[Data extracted from a collection]
···
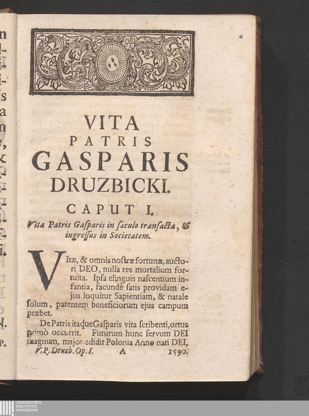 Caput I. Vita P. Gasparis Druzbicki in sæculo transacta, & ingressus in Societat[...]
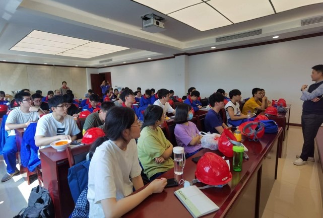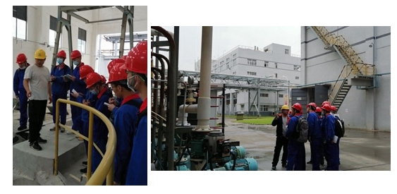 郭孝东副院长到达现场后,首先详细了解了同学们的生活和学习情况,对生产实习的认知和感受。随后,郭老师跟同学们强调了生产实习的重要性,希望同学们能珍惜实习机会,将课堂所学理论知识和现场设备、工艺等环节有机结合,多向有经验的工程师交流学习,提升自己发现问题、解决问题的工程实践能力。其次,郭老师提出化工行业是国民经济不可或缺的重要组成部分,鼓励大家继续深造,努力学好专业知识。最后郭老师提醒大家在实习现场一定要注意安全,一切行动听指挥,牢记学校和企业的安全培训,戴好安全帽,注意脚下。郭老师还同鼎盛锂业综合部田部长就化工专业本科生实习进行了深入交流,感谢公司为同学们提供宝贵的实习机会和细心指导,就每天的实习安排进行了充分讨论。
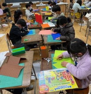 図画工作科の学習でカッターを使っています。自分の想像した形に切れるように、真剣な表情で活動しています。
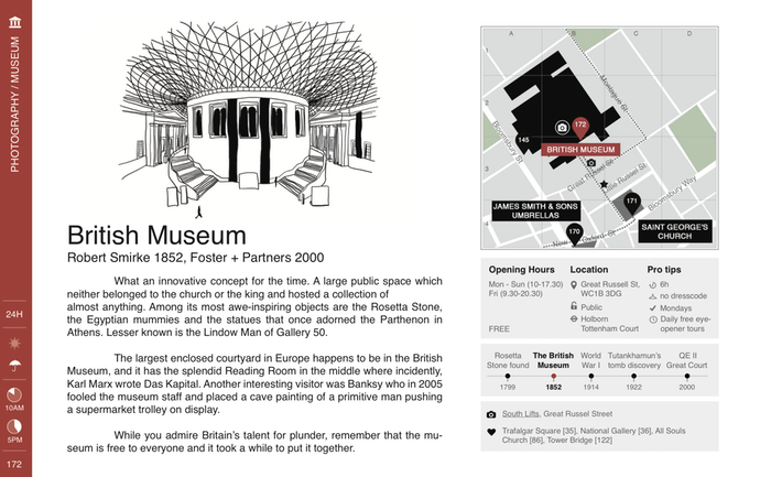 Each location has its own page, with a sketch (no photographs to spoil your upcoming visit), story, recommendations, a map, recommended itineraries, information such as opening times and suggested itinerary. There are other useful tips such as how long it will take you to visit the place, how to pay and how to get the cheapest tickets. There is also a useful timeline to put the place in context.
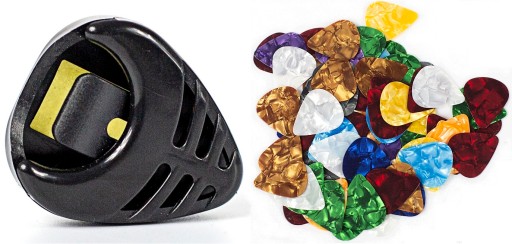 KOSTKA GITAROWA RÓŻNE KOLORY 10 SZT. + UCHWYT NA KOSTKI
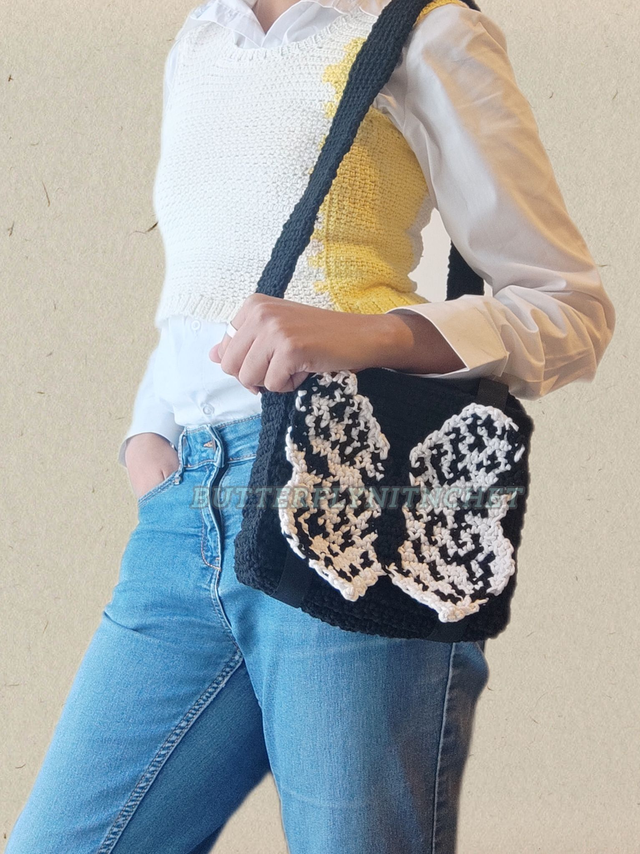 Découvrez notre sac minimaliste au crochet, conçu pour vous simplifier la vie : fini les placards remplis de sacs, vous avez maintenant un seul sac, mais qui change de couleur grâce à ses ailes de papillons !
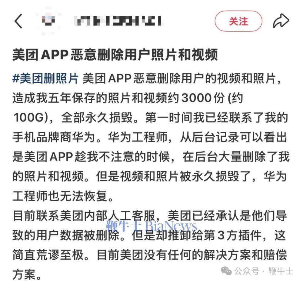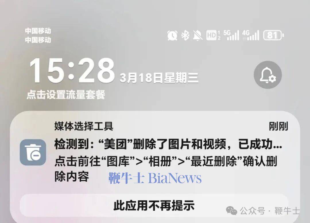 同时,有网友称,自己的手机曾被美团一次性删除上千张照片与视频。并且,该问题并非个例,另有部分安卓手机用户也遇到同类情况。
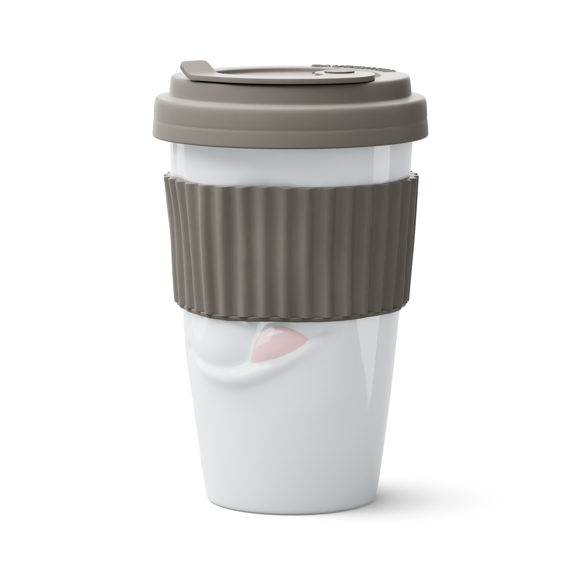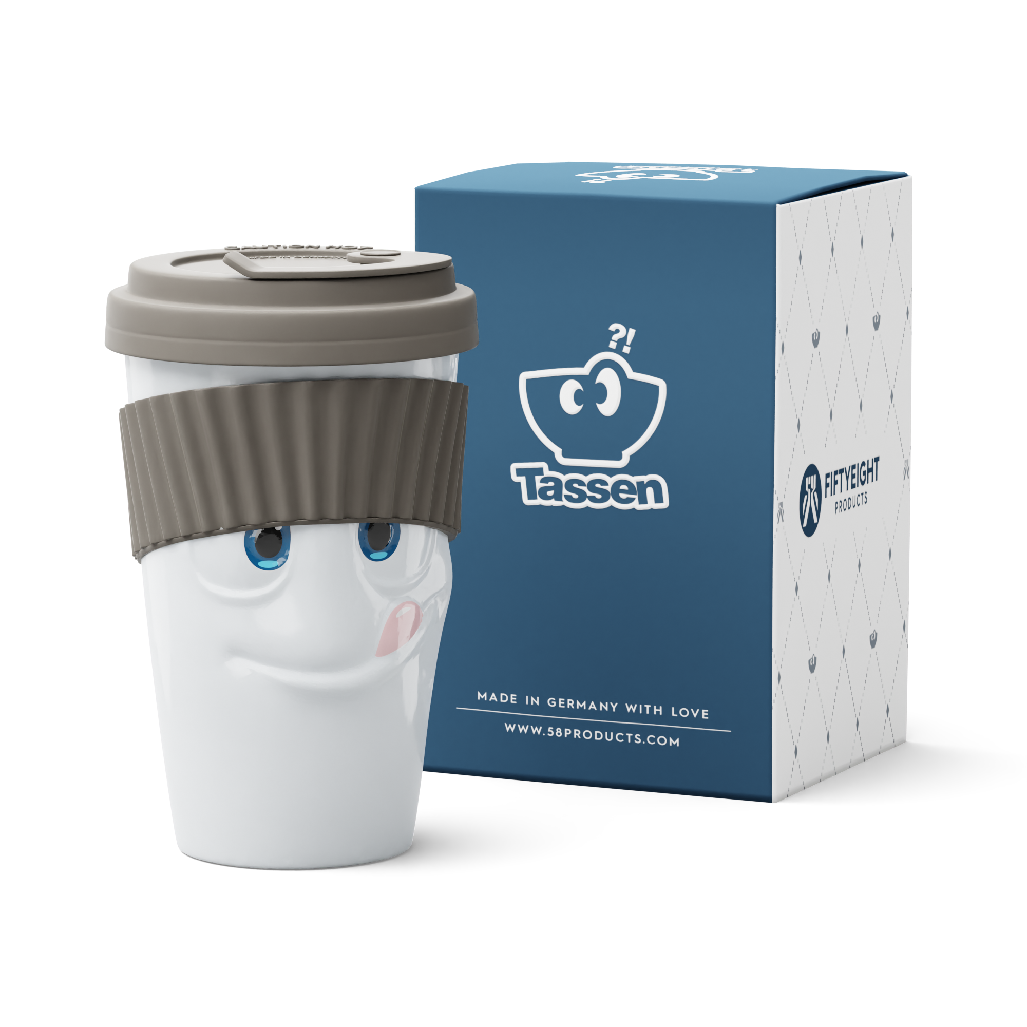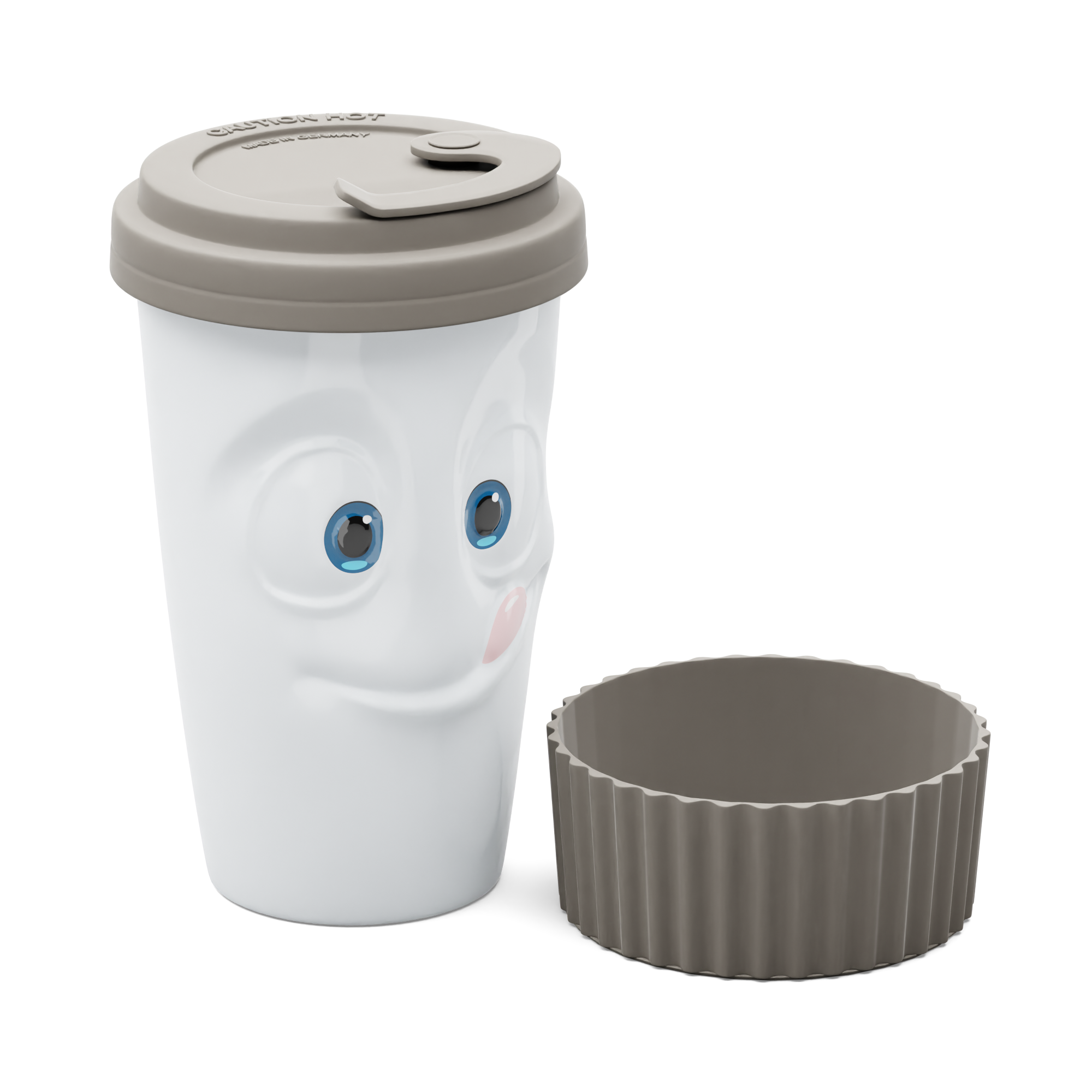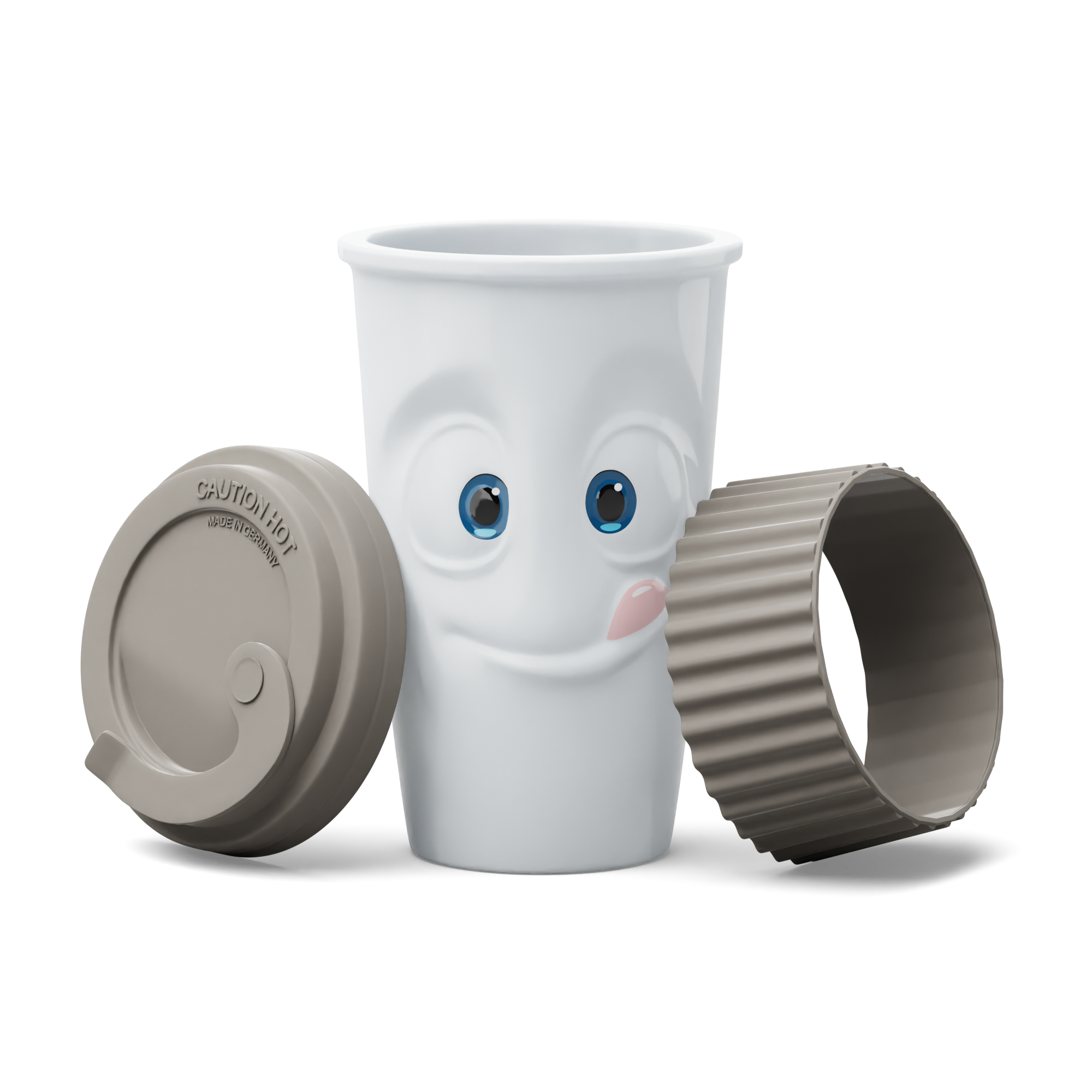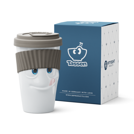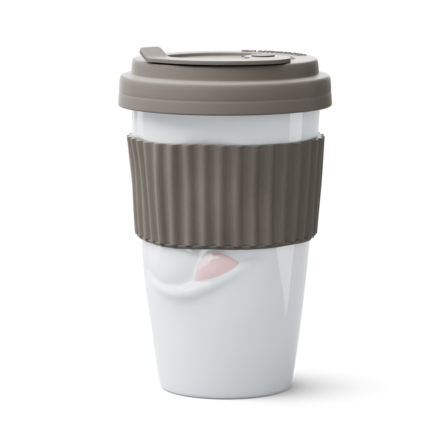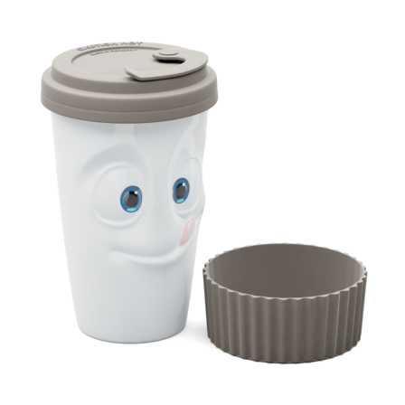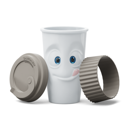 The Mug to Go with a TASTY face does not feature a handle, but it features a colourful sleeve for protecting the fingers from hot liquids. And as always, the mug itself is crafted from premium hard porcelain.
···
Work to be completed: Produce the lines from the first line of the entries through the line that contains "KOSTKA GITAROWA RÓŻNE", exactly, leaving the pictures behind.

Solution for this task:
 Caput I. Vita P. Gasparis Druzbicki in sæculo transacta, & ingressus in Societat[...]
 郭孝东副院长到达现场后,首先详细了解了同学们的生活和学习情况,对生产实习的认知和感受。随后,郭老师跟同学们强调了生产实习的重要性,希望同学们能珍惜实习机会,将课堂所学理论知识和现场设备、工艺等环节有机结合,多向有经验的工程师交流学习,提升自己发现问题、解决问题的工程实践能力。其次,郭老师提出化工行业是国民经济不可或缺的重要组成部分,鼓励大家继续深造,努力学好专业知识。最后郭老师提醒大家在实习现场一定要注意安全,一切行动听指挥,牢记学校和企业的安全培训,戴好安全帽,注意脚下。郭老师还同鼎盛锂业综合部田部长就化工专业本科生实习进行了深入交流,感谢公司为同学们提供宝贵的实习机会和细心指导,就每天的实习安排进行了充分讨论。
 図画工作科の学習でカッターを使っています。自分の想像した形に切れるように、真剣な表情で活動しています。
 Each location has its own page, with a sketch (no photographs to spoil your upcoming visit), story, recommendations, a map, recommended itineraries, information such as opening times and suggested itinerary. There are other useful tips such as how long it will take you to visit the place, how to pay and how to get the cheapest tickets. There is also a useful timeline to put the place in context.
 KOSTKA GITAROWA RÓŻNE KOLORY 10 SZT. + UCHWYT NA KOSTKI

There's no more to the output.